Problem statement: Quote the data below in full, minus the images.

- - -

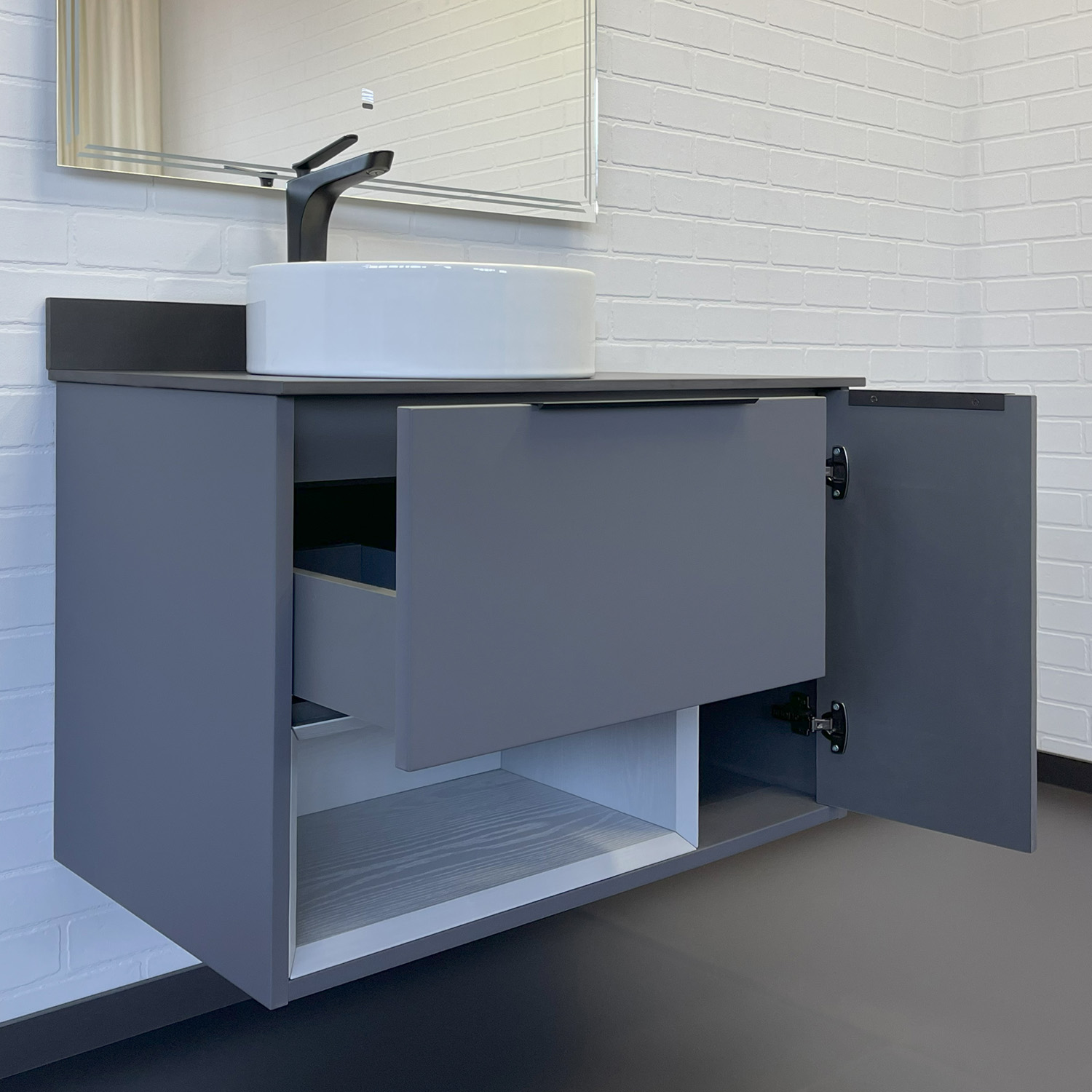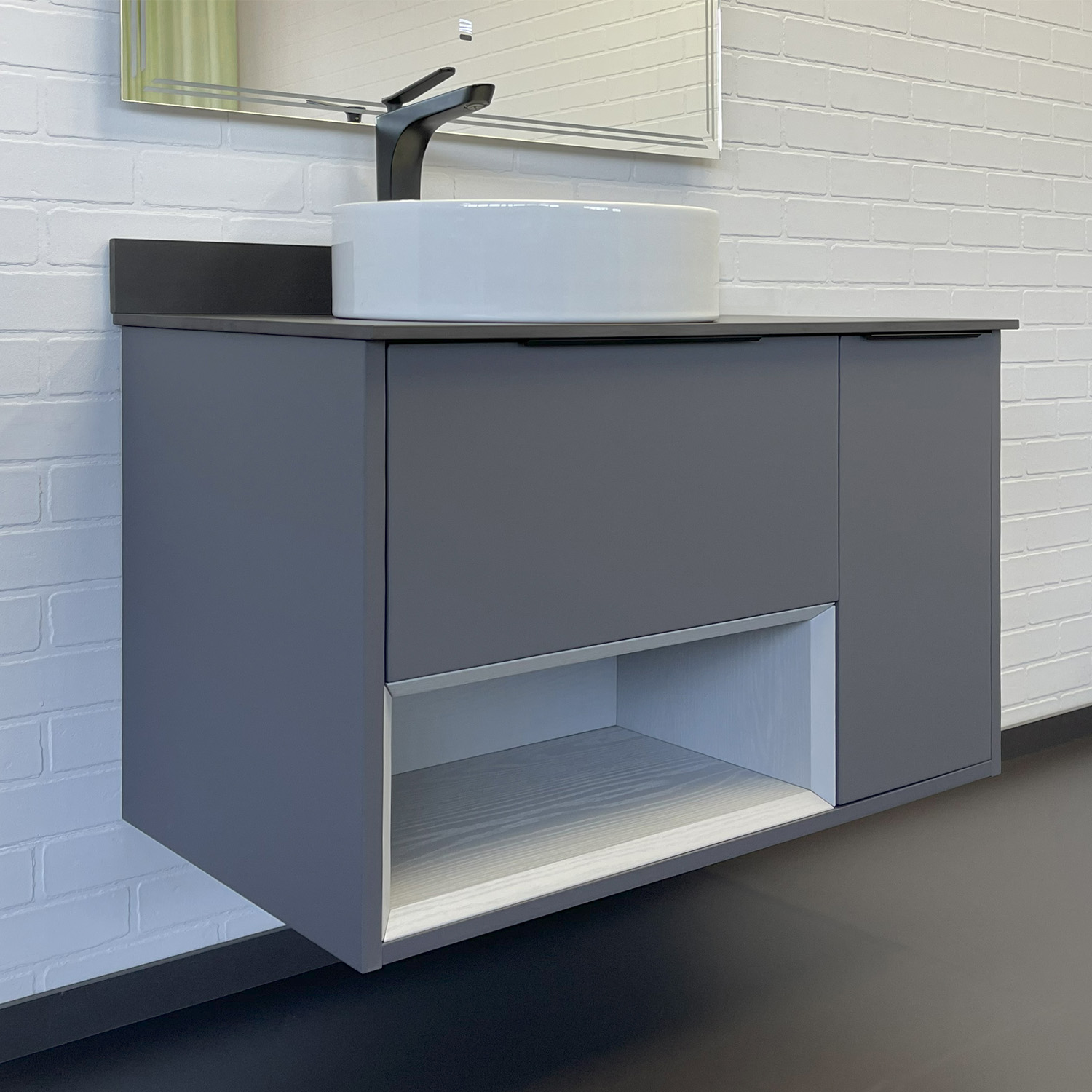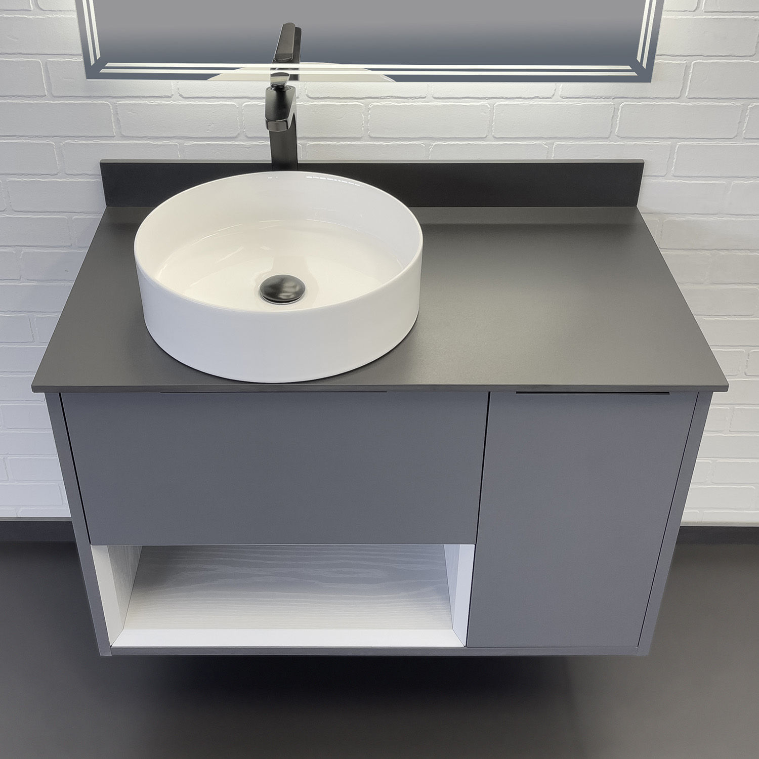 Дополнительная информация Торговая марка: Comforty Название: Тумба-умывальник Артикул: 00-00017878CF Варианты цвета корпуса: Антрацит/Серый матовый Материал корпуса: влагостойкое ЛДСП Цвет фасада: Антрацит Материал фасада: МДФ Габариты (ШхВхГ): 900*672*500 мм Комплектация: круглая керамическая раковина Comforty 9111 Подвесная тумба с одним ящиком и створкой оборудованными системой плавного закрывания. Предусмотрено пространство для открытого хранения. На фасадах тумбы черные матовые алюминиевые ручки. Прямоугольная раковина-чаша установлена на столешницу из керамогранита. В комплекте также пристенный плинтус. Ниша открытого хранения сделана из МДФ в пленке серого цвета с текстурой дерева. Торцы вставки спилены под углом.
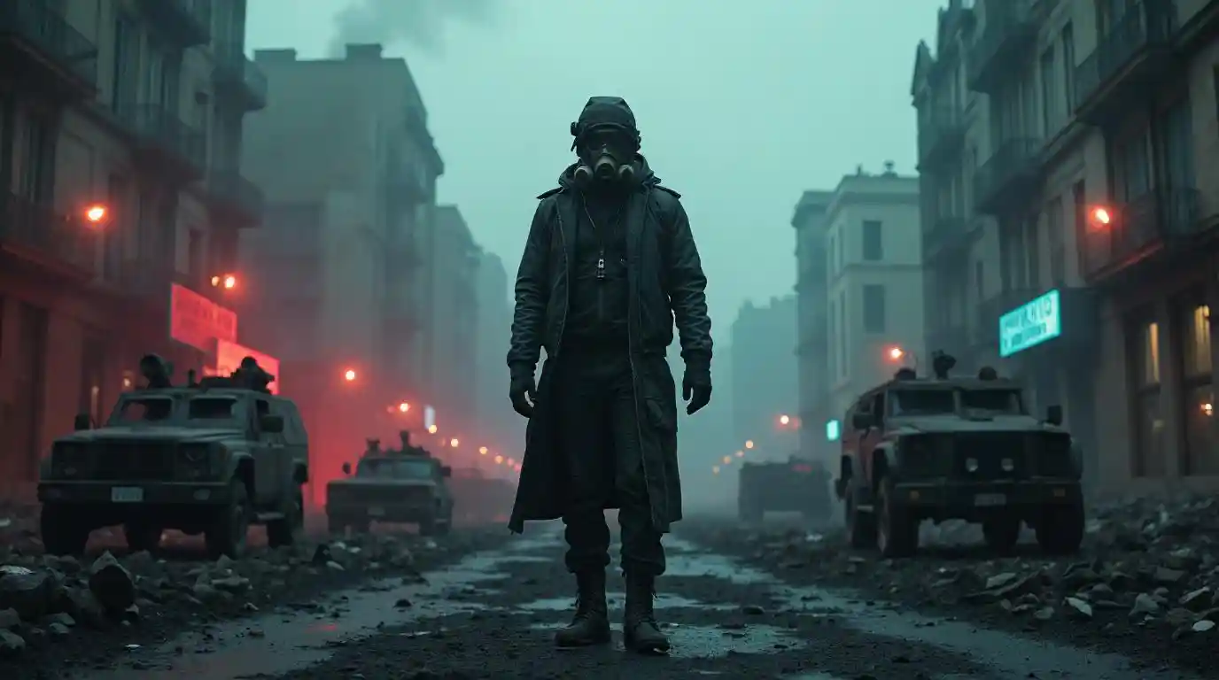 A dystopian scene showcasing a burnt cityscape with charred buildings and debris scattered everywhere. Military vehicles are positioned throughout the scene, emphasizing the desolation. In the foreground, a solitary figure stands alone, wearing a gas mask and dark goggles, embodying the atmosphere of despair. The background is illuminated with eerie neon lights, casting an otherworldly glow that contrasts with the dark surroundings. The overall mood is somber and unsettling, capturing the feeling of isolation in a devastated world.
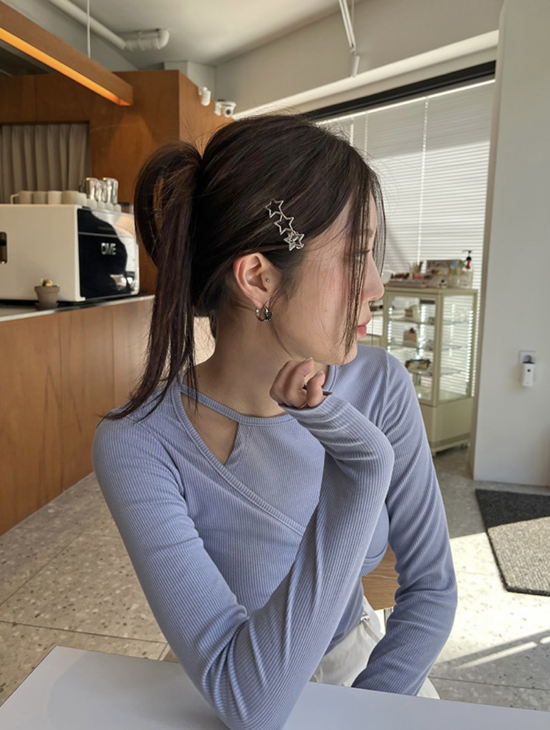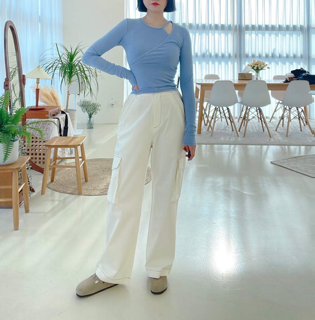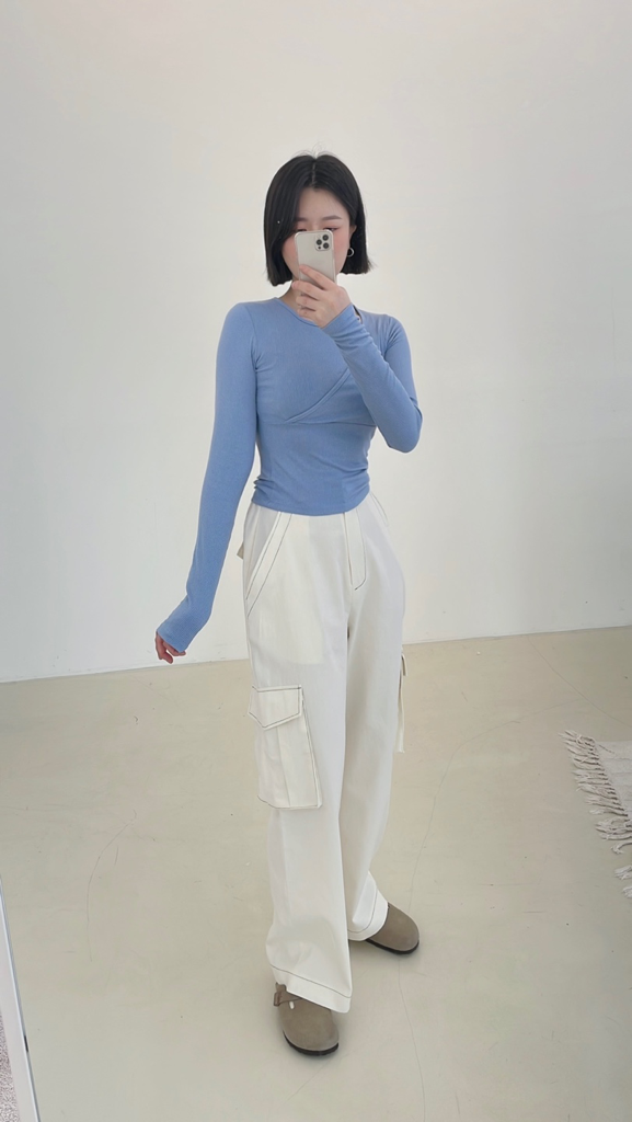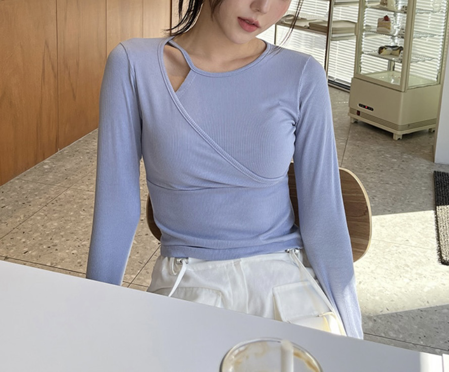 品名:샐리골지티셔츠 ◎※☞颜色:블랙, 블루, 화이트 ◎※☞尺寸:FREE ◎※☞材质:人造纤维 95%,스판 5% 翻译
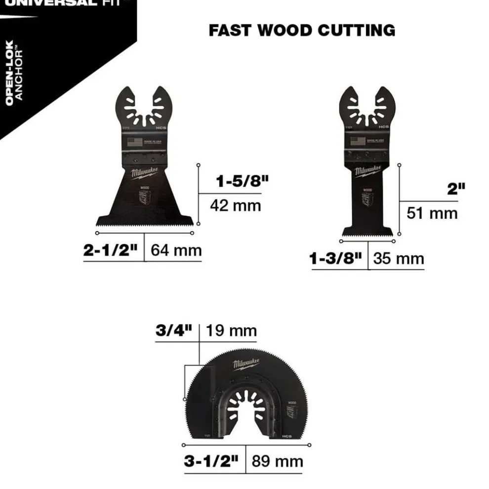 Package Contents | (1) 1-3/8″ HCS WOOD BLADE, (1) 2-1/2″ HCS WOOD BLADE, (1) 3-1/2″ HCS SEGMENTED WOOD BLADE |
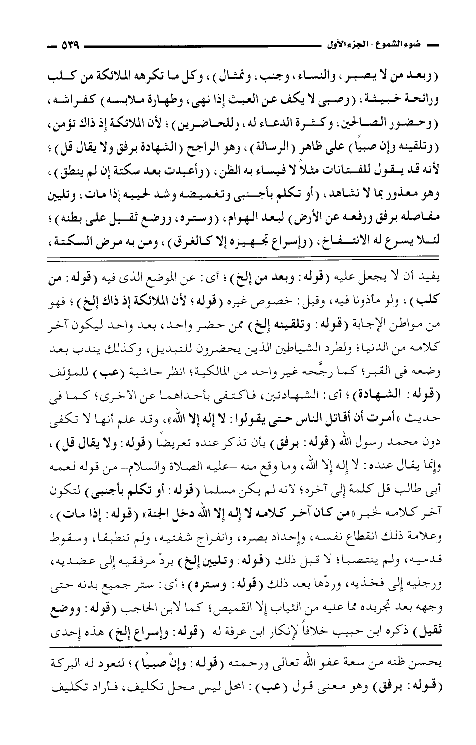 يفيد أن لا يجعل عليه (قوله: وبعد من إلخ)؛ أي: عن الموضع الذى فيه (قوله: من كلب)، ولو مأذونًا فيه، وقيل: خصوص غيره (قوله؛ لأن الملائكة إذ ذاك إلخ)؛ فهو من مواطن الإجابة (قوله: وتلقينه إلخ) ممن حضر واحد، بعد واحد ليكون آخر كلامه من الدنيا؛ ولطرد الشياطين الذين يحضرون للتبديل، وكذلك يندب بعد وضعه فى القبر؛ كما رجَّحه غير واحد من المالكية؛ انظر حاشية (عب) للمؤلف (قوله: الشهادة)؛ أي: الشهادتين، فاكتفى بأحداهما عن الأخرى؛ كما فى حديث "أمرت أن أقاتل الناس حتى يقولوا: لا إله إلا الله"، وقد علم أنها لا تكفى دون محمد رسول الله (قوله: برفق) بأن تذكر عنده تعريضًا (قوله: ولا يقال قل)، وإنما يقال عنده: لا إله إلا الله، وما وقع منه - عليه الصلاة والسلام - من قوله لعمه أبى طالب قل كلمة إلى آخره؛ لأنه لم يكن مسلما (قوله: أو تكلم بأجنبي) لتكون آخر كلامه لخبر "من كان آخر كلامه لا إله إلا الله دخل الجنة" (قوله: إذا مات)، وعلامة ذلك انقطاع نفسه، وإحداد بصره، وانفراج شفتيه، ولم تنطبقا، وسقوط قدميه، ولم ينتصبا؛ لا قبل ذلك (قوله: وتليين إلخ) بردّ مرفقيه إلى عضديه، ورجليه إلى فخذيه، وردّها بعد ذلك (قوله: وستره)؛ أي: ستر جميع بدنه حتى وجهه بعد تجريده مما عليه من الثياب إلا القميص؛ كما لابن الحاجب (قوله: ووضع ثقيل) ذكره ابن حبيب خلافًا لإنكار ابن عرفة له (قوله: وإسراع إلخ) هذه إحدى
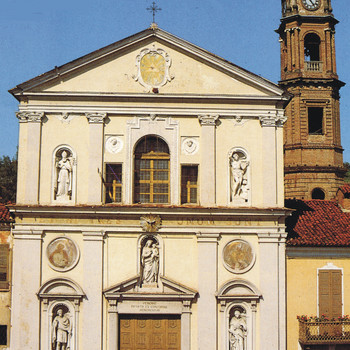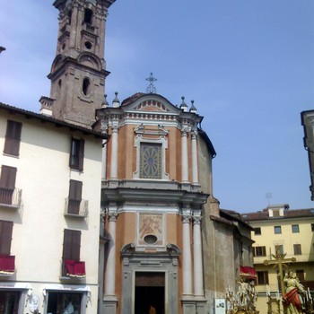 La chiesa sede della confraternita fondata nel 1579 fu costruita nel sec XVI al tempo del vescovato di Giovanni Stefano Ferrero. Sono interessanti il coro ligneo del 1500 e il martirio di san Sebastiano del coro opera di Francesco Bianco.
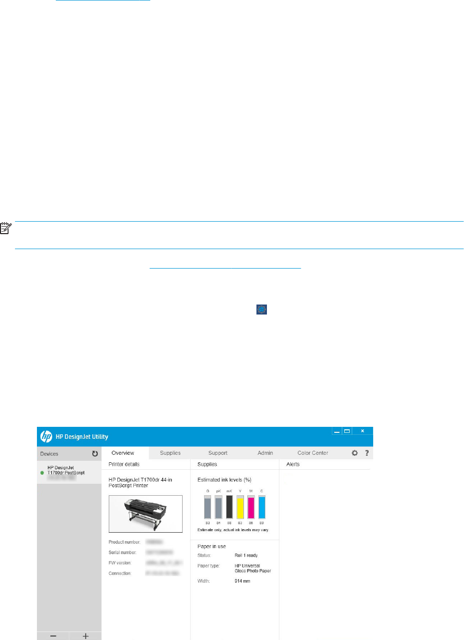 computer. When you open the HP DesignJet Utility for the rst time, it may oer you an automatic update
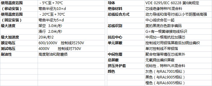 技術(shù)參數(shù)JUU拖鏈電纜-卷筒電纜-高柔性坦克鏈電纜廠家
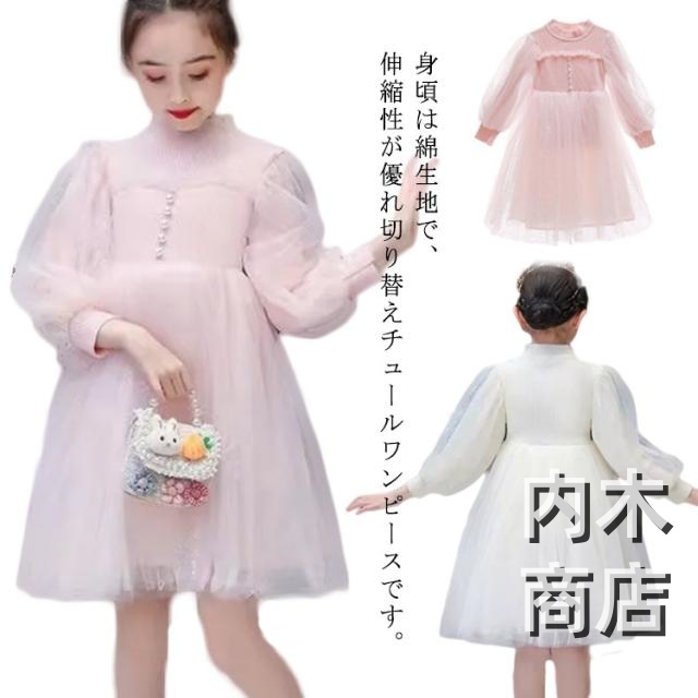 レビュー高評価商品 売上急増中 子供ワンピース 子供 子供服 キッズ 軽量仕様 品質安心 入学式 入園式 結婚式 春 パール 暖かい パーティードレス 切り替え ボリューム袖 ワンピース 冬 卒園式 発表会 韓国 プレゼント チュールワンピース 長袖 秋

- - -

Task answer:
 Дополнительная информация Торговая марка: Comforty Название: Тумба-умывальник Артикул: 00-00017878CF Варианты цвета корпуса: Антрацит/Серый матовый Материал корпуса: влагостойкое ЛДСП Цвет фасада: Антрацит Материал фасада: МДФ Габариты (ШхВхГ): 900*672*500 мм Комплектация: круглая керамическая раковина Comforty 9111 Подвесная тумба с одним ящиком и створкой оборудованными системой плавного закрывания. Предусмотрено пространство для открытого хранения. На фасадах тумбы черные матовые алюминиевые ручки. Прямоугольная раковина-чаша установлена на столешницу из керамогранита. В комплекте также пристенный плинтус. Ниша открытого хранения сделана из МДФ в пленке серого цвета с текстурой дерева. Торцы вставки спилены под углом.
 A dystopian scene showcasing a burnt cityscape with charred buildings and debris scattered everywhere. Military vehicles are positioned throughout the scene, emphasizing the desolation. In the foreground, a solitary figure stands alone, wearing a gas mask and dark goggles, embodying the atmosphere of despair. The background is illuminated with eerie neon lights, casting an otherworldly glow that contrasts with the dark surroundings. The overall mood is somber and unsettling, capturing the feeling of isolation in a devastated world.
 品名:샐리골지티셔츠 ◎※☞颜色:블랙, 블루, 화이트 ◎※☞尺寸:FREE ◎※☞材质:人造纤维 95%,스판 5% 翻译
 Package Contents | (1) 1-3/8″ HCS WOOD BLADE, (1) 2-1/2″ HCS WOOD BLADE, (1) 3-1/2″ HCS SEGMENTED WOOD BLADE |
 يفيد أن لا يجعل عليه (قوله: وبعد من إلخ)؛ أي: عن الموضع الذى فيه (قوله: من كلب)، ولو مأذونًا فيه، وقيل: خصوص غيره (قوله؛ لأن الملائكة إذ ذاك إلخ)؛ فهو من مواطن الإجابة (قوله: وتلقينه إلخ) ممن حضر واحد، بعد واحد ليكون آخر كلامه من الدنيا؛ ولطرد الشياطين الذين يحضرون للتبديل، وكذلك يندب بعد وضعه فى القبر؛ كما رجَّحه غير واحد من المالكية؛ انظر حاشية (عب) للمؤلف (قوله: الشهادة)؛ أي: الشهادتين، فاكتفى بأحداهما عن الأخرى؛ كما فى حديث "أمرت أن أقاتل الناس حتى يقولوا: لا إله إلا الله"، وقد علم أنها لا تكفى دون محمد رسول الله (قوله: برفق) بأن تذكر عنده تعريضًا (قوله: ولا يقال قل)، وإنما يقال عنده: لا إله إلا الله، وما وقع منه - عليه الصلاة والسلام - من قوله لعمه أبى طالب قل كلمة إلى آخره؛ لأنه لم يكن مسلما (قوله: أو تكلم بأجنبي) لتكون آخر كلامه لخبر "من كان آخر كلامه لا إله إلا الله دخل الجنة" (قوله: إذا مات)، وعلامة ذلك انقطاع نفسه، وإحداد بصره، وانفراج شفتيه، ولم تنطبقا، وسقوط قدميه، ولم ينتصبا؛ لا قبل ذلك (قوله: وتليين إلخ) بردّ مرفقيه إلى عضديه، ورجليه إلى فخذيه، وردّها بعد ذلك (قوله: وستره)؛ أي: ستر جميع بدنه حتى وجهه بعد تجريده مما عليه من الثياب إلا القميص؛ كما لابن الحاجب (قوله: ووضع ثقيل) ذكره ابن حبيب خلافًا لإنكار ابن عرفة له (قوله: وإسراع إلخ) هذه إحدى
 La chiesa sede della confraternita fondata nel 1579 fu costruita nel sec XVI al tempo del vescovato di Giovanni Stefano Ferrero. Sono interessanti il coro ligneo del 1500 e il martirio di san Sebastiano del coro opera di Francesco Bianco.
 computer. When you open the HP DesignJet Utility for the rst time, it may oer you an automatic update
 技術(shù)參數(shù)JUU拖鏈電纜-卷筒電纜-高柔性坦克鏈電纜廠家
 レビュー高評価商品 売上急増中 子供ワンピース 子供 子供服 キッズ 軽量仕様 品質安心 入学式 入園式 結婚式 春 パール 暖かい パーティードレス 切り替え ボリューム袖 ワンピース 冬 卒園式 発表会 韓国 プレゼント チュールワンピース 長袖 秋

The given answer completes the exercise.